In the healthcare enforcement world, we call these “ghost claims.” And right now, Connecticut’s HUSKY Health program is missing one of its best defenses against them because the one person who can verify the truth — the patient — is largely left out of the process.

Think about how commercial health insurance or Medicare works. After a doctor’s visit, you receive an Explanation of Benefits, or EOB. It is not a bill. It is simply a receipt showing what treatment or service was charged in your name. If you see a charge for an office visit or procedure you never received, you are encouraged to call the insurer’s fraud hotline. Patients themselves become part of the fraud detection system.

Traditionally, Medicaid programs have not relied on beneficiary EOBs the way Medicare and commercial insurers do.

Many Medicaid programs moved away from routine beneficiary EOBs because of administrative cost concerns and skepticism that patients with little or no financial stake in the claims process would actively review them.

But those savings came at a hidden enforcement cost. When a fraudster knows a patient will never see the receipt, fabricating an appointment becomes a far less risky proposition. They are unlikely to be caught.

To be sure, state agencies face legitimate logistical concerns. Medicaid populations are often highly mobile, meaning sensitive paper documents can end up returned to sender or delivered to outdated addresses. Dense insurance forms can also confuse or alarm patients who may mistake them for actual medical bills.

But we are no longer living in the paper era. Most low-income adults now use smartphones. The solution is not more paper mail. It is smarter digital verification. 

Imagine a system where a HUSKY Health claim automatically triggers a secure text message to the patient’s phone: “Did you visit Dr. Smith’s clinic in Hartford on Tuesday? Reply YES or NO.” The message would not need to contain sensitive medical information — only a basic confirmation that a visit occurred.

From the perspective of a fraud investigator or prosecutor, a tool like this would materially change the game.

First, it creates a powerful psychological deterrent. Fraudsters are opportunistic. They are far less likely to bill for services never rendered if they know patients are receiving immediate verification requests on their phones.

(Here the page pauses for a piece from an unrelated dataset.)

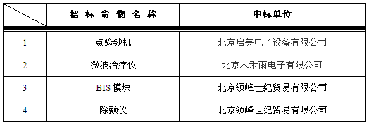 我院于2016年1月26日对以下设备进行院内谈判,中标结果如下:

Second, it addresses the timeline problem. Healthcare fraud investigations are still often triggered by retroactive post-payment audits. By the time investigators identify suspicious claims and interview patients, months or even years may have passed. Memories fade. More importantly, the money paid to the fraudster is often gone.

In enforcement circles, there is a phrase for this approach: “pay and chase.” It is a reactive enforcement model.

I cannot tell you how many times my department successfully built a fraud case, prosecuted the defendant, and still recovered little or nothing for Connecticut taxpayers because the assets had already disappeared. A system generating immediate automated “NO” responses from patients would provide investigators with a real-time early warning system, allowing the state to suspend questionable payments and stop losses before millions of dollars walk out the door.

Connecticut is under growing pressure to reduce healthcare waste without cutting benefits or placing additional burdens on legitimate providers. As states look for ways to strengthen Medicaid integrity, modernizing fraud detection tools should be part of the solution. Fortunately, federal policy has evolved to give Medicaid programs greater flexibility to communicate with beneficiaries through secure digital tools, including text messaging.

The technology already exists. A digital verification system would not be free to implement. But in a program measured in billions of dollars, preventing even a fraction of fraudulent claims before the money disappears could easily justify the investment.

A digital verification pilot program for HUSKY Health could better protect patients from identity theft, provide investigators with real-time fraud intelligence, and potentially save taxpayers millions of dollars.

It is time to bring Connecticut’s healthcare fraud enforcement tools into the 21st century.

Michael Cole served as the chief of the Antitrust and Government Program Fraud Department for the Connecticut Attorney General’s Office for eight years. He currently lives in Canton.